Элевсинские мистерии - Дитер Лауэнштайн
Шрифт:
Интервал:
Закладка:
Кипящее в погребе вино показывает Диониса-Плутона в стихии огня — это цель мистерии. Яйцо, которое перескакивает период высиживания, есть пасхальное яйцо первоначала, подвергнутое ускоренному развитию таинства. Ласка посвящена Артемиде, которая стоит перед воротами, а потом, уже как Геката, открывает за воротами в Первой оргии мистерию смерти, приводящую в конце к Зевсу Мэлихию, или Плутону, — подземной змее. Собака — животное Гекаты, а именно эта богиня изгоняет чувственность в образе голого лягушонка; в Элевсине под конец Первой оргии иерофант пил разбавленный сок аконита, укрощающий чувственное возбуждение. Таким же средством — латуком — питается и огородник, промежуточный хозяин осла, к которому из-за дождя завернул почтенный владелец винных погребов. Знаки, которые осел Луций видит в усадьбе этого человека, ведут к Водолею, а тем самым к Второй оргии во внутреннем дворе.
Огородник, купивший осла из Мельникова наследства, выращивает один только латук. Тщетно ждет он зерна, вина и масла от почтенного землевладельца Диониса, что вместе с тремя сыновьями гибнет от злодейств соседа Гадеса.
На обратном пути из той усадьбы римский легионер пытается отнять осла и бьет огородника жезлом. Тот в рукопашной одолевает противника, валит его наземь и, забрав солдатский меч, уезжает.
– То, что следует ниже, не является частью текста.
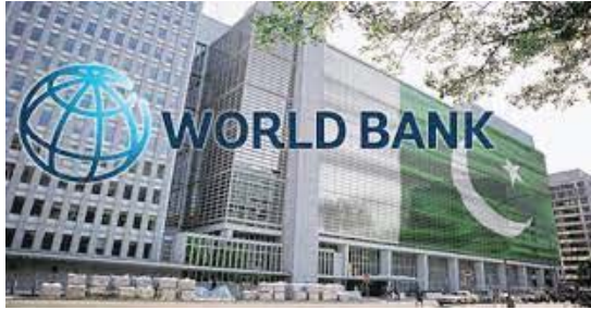
The Punjab Family Planning Program will provide timely access to quality family planning services free of charge. It will also institutionalize quality of care across the family planning services delivery system. It will support public
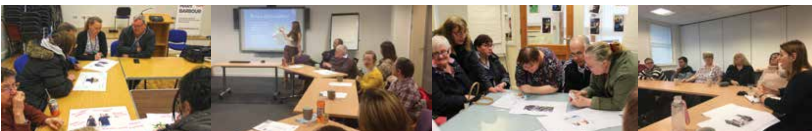
Our consultation took us to (left to right): Glasgow South, Clyde Coast and North Lanarkshire TAG as well as the My Home Group

We are now working on updating our anti-social behaviour policy with this feedback and the policy will soon be available on our new website.
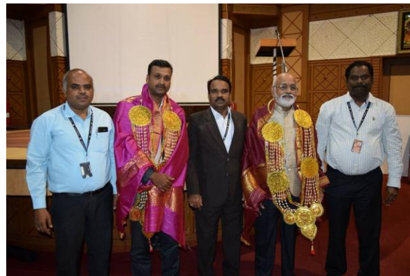
Felicitation of the Resource Persons
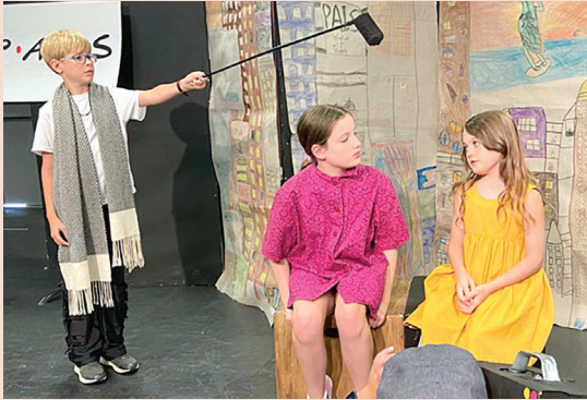
The Des Moines Playhouse classes
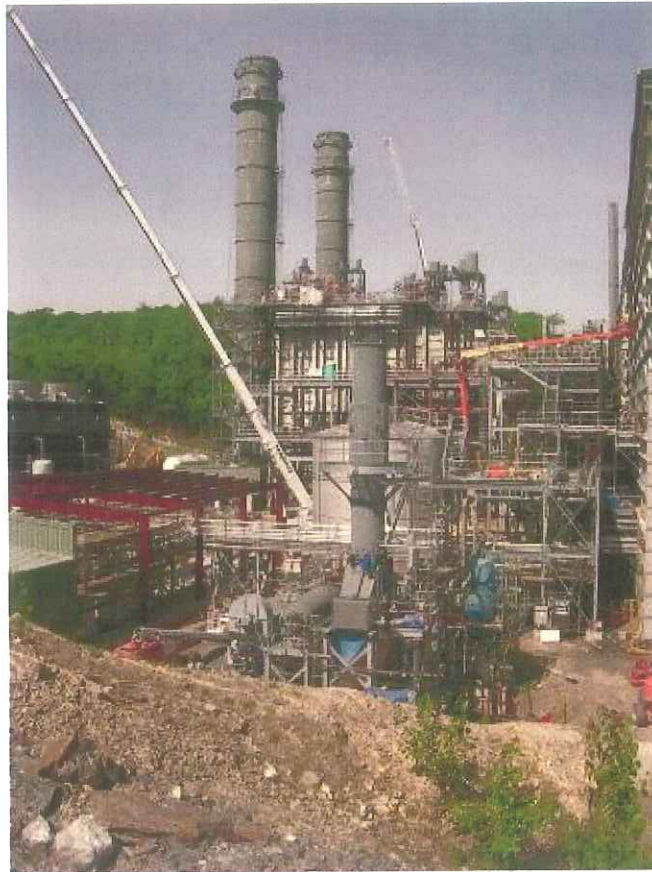
Kleen Energy auxiliary boiler system

The repair and restoration work at the Facility has been taking place since the February 7, 2010 incident, and significant progress has been made. In order for the Council to better understand the current status of the Kleen Energy Facility, this filing includes several pictures that were taken during the past two weeks that show the current status of the Facility.
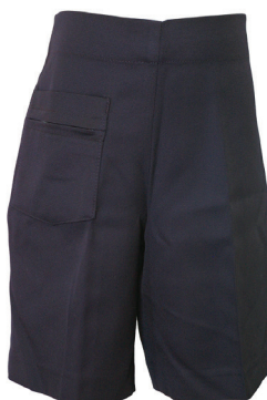
Shorts Pull On
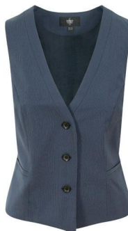
Ladies' Waistcoat - Navy
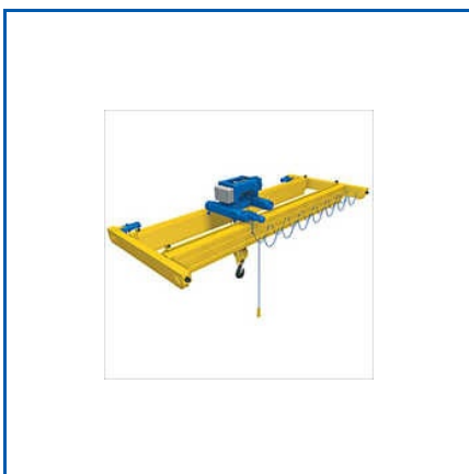
DOUBLE GIRDER EOT CRANE

1 Ton Electric Wire Rope Hoist, 10 Ton Single And Double Girder EOT Crane, 1t-10t Industrial Chain Block, 2 Ton Pillar Mounted JIB Crane, 25 Ton Double Girder EOT Crane, 40 Ton Goliath Crane, 6 Ton Curvature Hoist, Control Panel For EOT Cranes, Crane End Carriages, Double Girder EOT Crane, Electric Chain Hoist, Electric Hoist Installation Services, Electric Wire Rope Hoist, Heavy Duty Gantry Crane, Industrial Demag Cranes Components, etc.
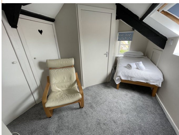
Upstairs single bed in twin room
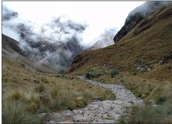
View from Dead Woman's Pass
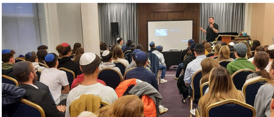
15th October, a talk to youth at Chabad Belgravia
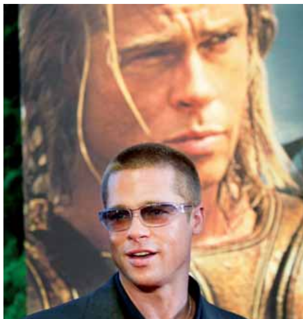
Brad Pitt walks past a poster of himself as the warrior Achilles in his latest film "Troy."
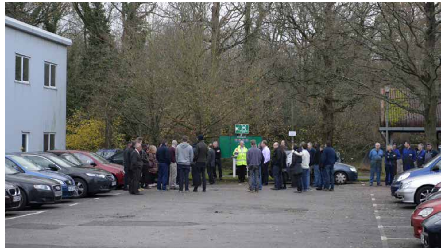
Figure 1: Business disruption during a false alarm

Following a multi-agency briefing to the Scottish Fire and Rescue Service Board a more thorough investigation of false fire alarm causes was proposed, leading to this research work which has been carried out by BRE in conjunction with the SFRS and with the support of a number of stakeholders.
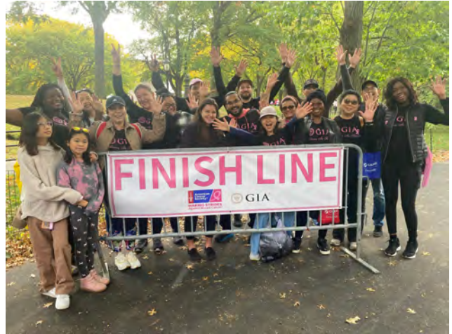
GIA participating in American Cancer Society's Making Strides

Our faculty, staff and students participate in community service and volunteering throughout the year benefiting organizations such as New York Cares, Hour Children, American Cancer Society and Toys for Tots. While you're on campus, be sure to get involved and share your ideas for service.
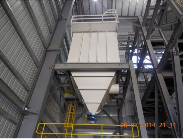
Installation of dust collector
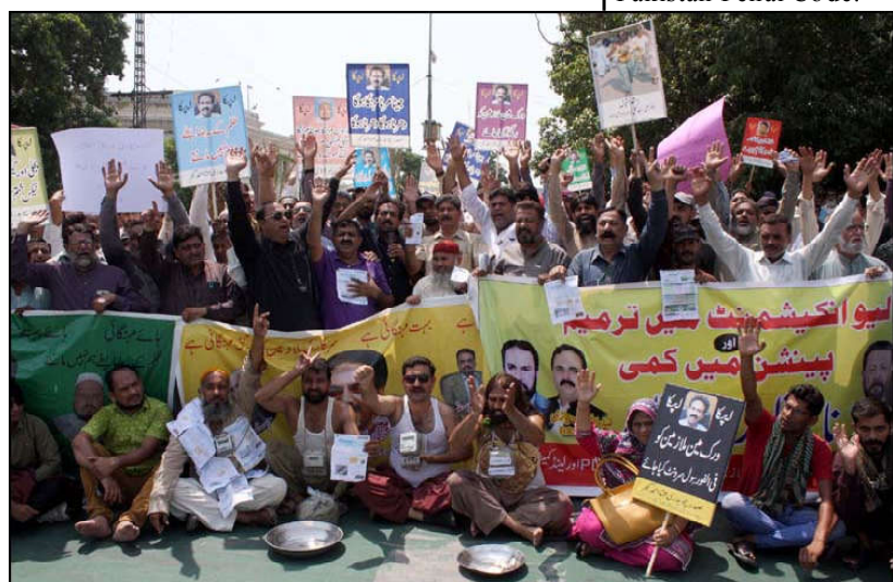
LAHORE: Members of All Pakistan Clerks Association (APCA) are holding protest demonstration against massive unemployment, increasing price of daily use products, inflation price hiking and the highly inflated electricity bills, at Lahore press club.
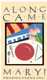
Female-Run Event Planning Company
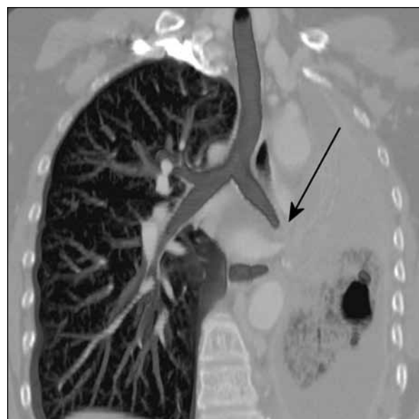
FIG 2. Coronal maximum-intensity projection computed tomographic image showing abrupt termination and complete obstruction of the left lower lobe bronchus at its origin (arrow)

was established and the findings were confirmed at thoracotomy and complete pneumonectomy was performed.
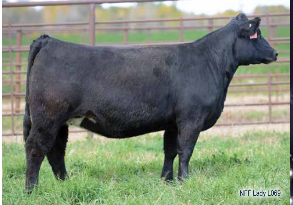
NFF Lady L069
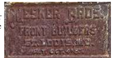
Mesker's Label on the Bradley Hotel Building

Waitsburg has four such Mesker's store fronts that are still standing, including the former Bradley's Hotel. The building looks in better shape today than a hundred years ago, and the cast iron is still evident, even down to the Mesker's label!
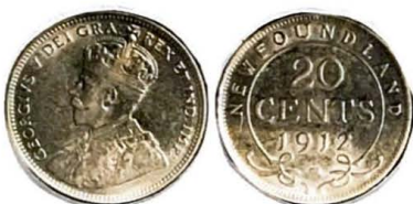
1912. 20 Cents.
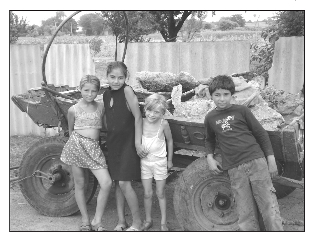
Children in front of wagon with scrap metal, Pishanko, Dnipropetrovsk Region, August 2006.
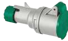
Straight mobile socket-outlets quick-mounting for special applications IP44

Features: all products are packed separately.
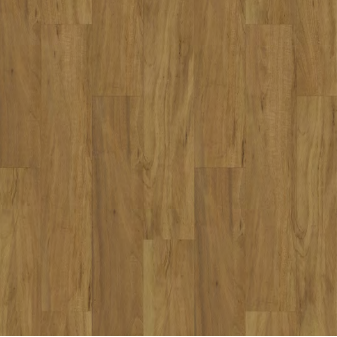
Jamieson Oak LRV 35.85 Booker Oak LRV 28.04 Euro Oak LRV 26.51 Tasmanian Hardwood Classic LRV 20.11 Strong colour variation
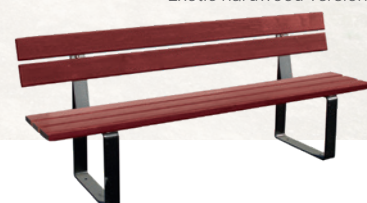
Untreated exotic hardwood version
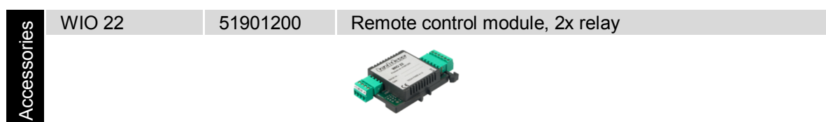
Table 4: Special accessories
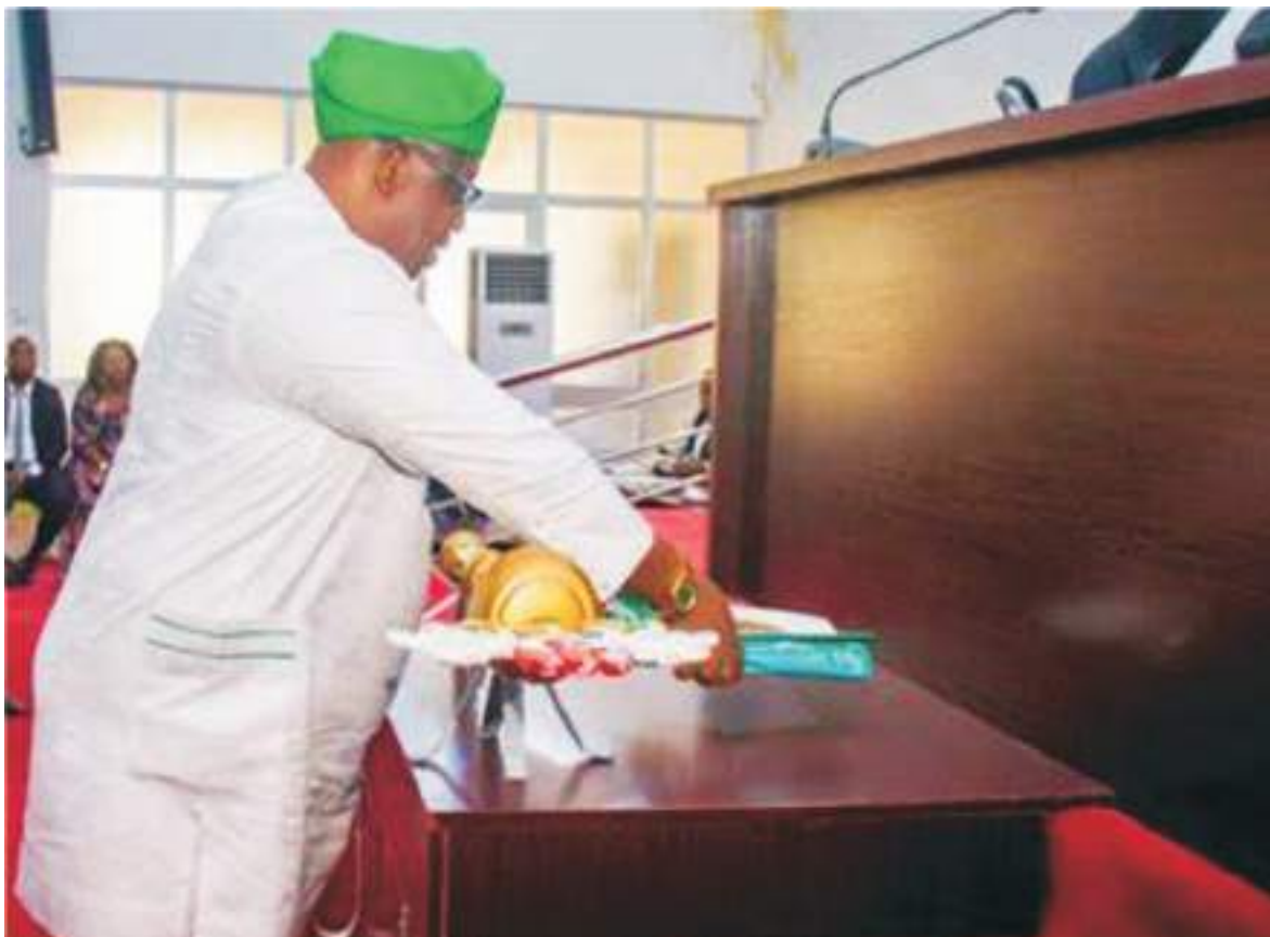
Plateau State Governor, Barr Caleb Manasseh Mutfwang yesterday laying the 2024 Appropriation Budget at the chamber of the Plateau State House of Assembly.
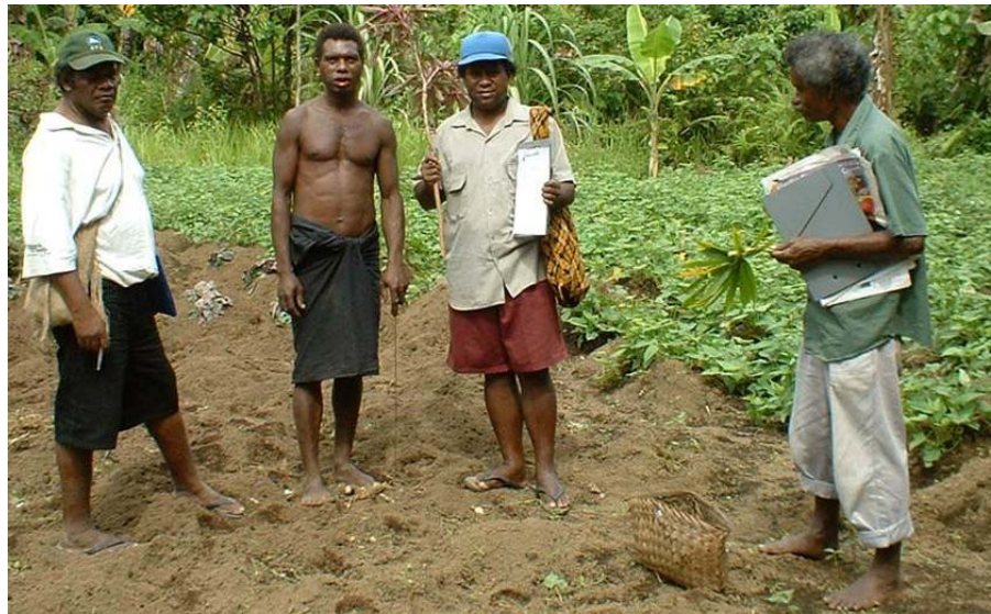
(Farmer – Scientist Consultation (Keravat, PNG, NARI))

4 German Aerospace Center, Germany (DLR)

В лачуге у приятеля он сам прячется в какую-то корзинку с крышкой, осла же затаскивают на второй этаж. Через два дня ликторы являются в этот дом и безуспешно его обыскивают. Но перед уходом они так бурно спорят с солдатами, что осел от любопытства выглядывает в окошко. Длинноухая тень падает под ноги легионерам, так что все раскрывается. Огородника ждет скорая казнь, а осел попадает на военную службу (IX.39–42). Тень указывает на лобный лотос, корзинка и меч — на горловой.
Солдат со своим новым оруженосцем приходит в городок, где случается такая история. Домохозяин, человек пожилой, богатый, был в отъезде, оставив дома вторую, молодую жену и сыновей. Имея собственного двенадцатилетнего сына, женщина влюбляется в семнадцатилетнего пасынка (Афродита в Адониса), но взаимности не находит и решает отравить юношу. Услужливый раб добывает у старика врача яд и наливает в бокал с вином — для юноши; однако двенадцатилетнии мальчик, сын коварной матроны, приходит с утренних занятий и, выпив отравленное вино, умирает. Его кладут в саркофаг в фамильном склепе. Перед городским судом жена обвиняет пасынка в братоубийстве. Раб выступает главным свидетелем. Только один из сенаторов не ополчается предвзято против юноши, тот самый врач, который за сто золотых в мешочке с печатью продал рабу яд. Он-то и предотвращает смертный приговор, рассказав, как было дело: у него возникло подозрение, что замышляется какое-то преступление, и вместо яда он продал снотворное, действие которого должно теперь прекратиться, так что пусть судьи, мол, проверят саркофаг. Вернувшийся тем временем отец сам поднимает крышку — и тотчас мальчик открывает глаза. Жену сжигают [в русском переводе (Х.12): "мачеху осуждают на вечное изгнание". — Н.Ф.], раба пригвождают к кресту (Х.1 —12). Полный страстной путь.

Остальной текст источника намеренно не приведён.